I am struggling with a sampling issue using Teradata
Below is the format of the data
x
ID Group Rank
1 dog 1
1 cat 1
1 lion 1
1 elephant 2
2 dog 1
2 cat 1
2 lion 1
2 elephant 1
3 dog 1
3 cat 2
3 lion 1
3 elephant 1
4 dog 2
4 cat 1
4 lion 1
4 elephant 1
I would ideally like to return a sample number for each entry in Group but with only unique values from ID.

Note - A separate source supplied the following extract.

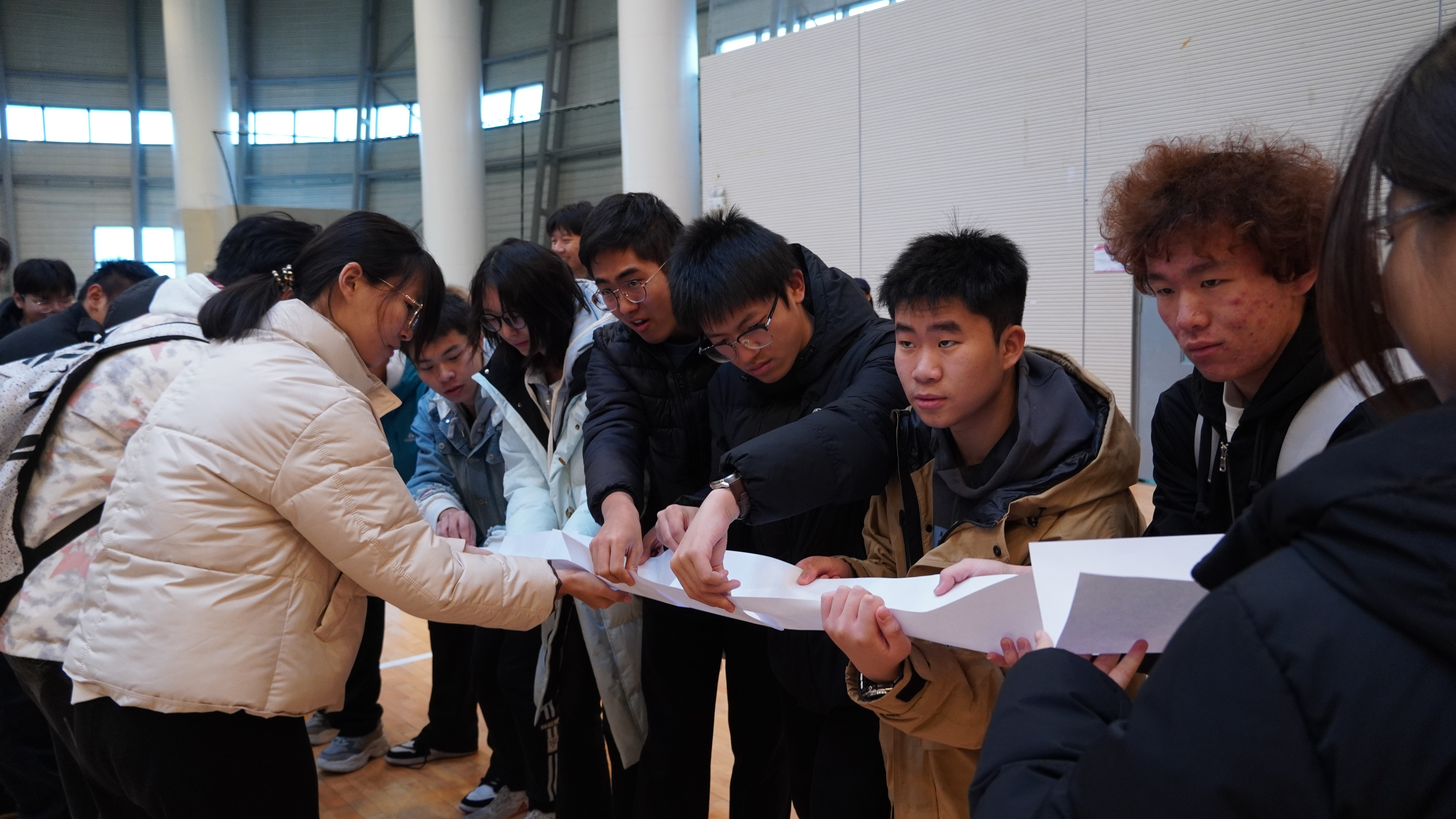 活动伊始,“珠行千里”项目率先拉开团队协作的序幕。同学们需利用A4纸搭建“运输通道”,共同护送乒乓球抵达终点。每16人集结为一组,在短暂的磨合和商讨后,各小组迅速进入状态。游戏开始后,各组队员齐心协力,配合默契,展现了非凡的团队协作精神,每个小组都圆满完成了任务。

Below is the current query I produced but this returns duplicates for ID
SELECT ID, Group FROM Table
WHERE rank = 1
SAMPLE
WHEN group = 'dog' then 10
WHEN group = 'cat' then 10
WHEN group = 'elephant' then 5
WHEN group = 'lion' then 5
END
Advertisement
Answer
with cte as
(
SELECT ID, Group,
random(1,10000) as rnd -- RANDOM can't be directly used in OLAP-functions
FROM Table
WHERE rank = 1
)
SELECT ID, Group
FROM cte
QUALIFY
ROW_NUMBER() -- get one random row per ID
OVER (PARTITION BY ID
ORDER BY rnd) = 1
SAMPLE
WHEN group = 'dog' then 10
WHEN group = 'cat' then 10
WHEN group = 'elephant' then 5
WHEN group = 'lion' then 5
END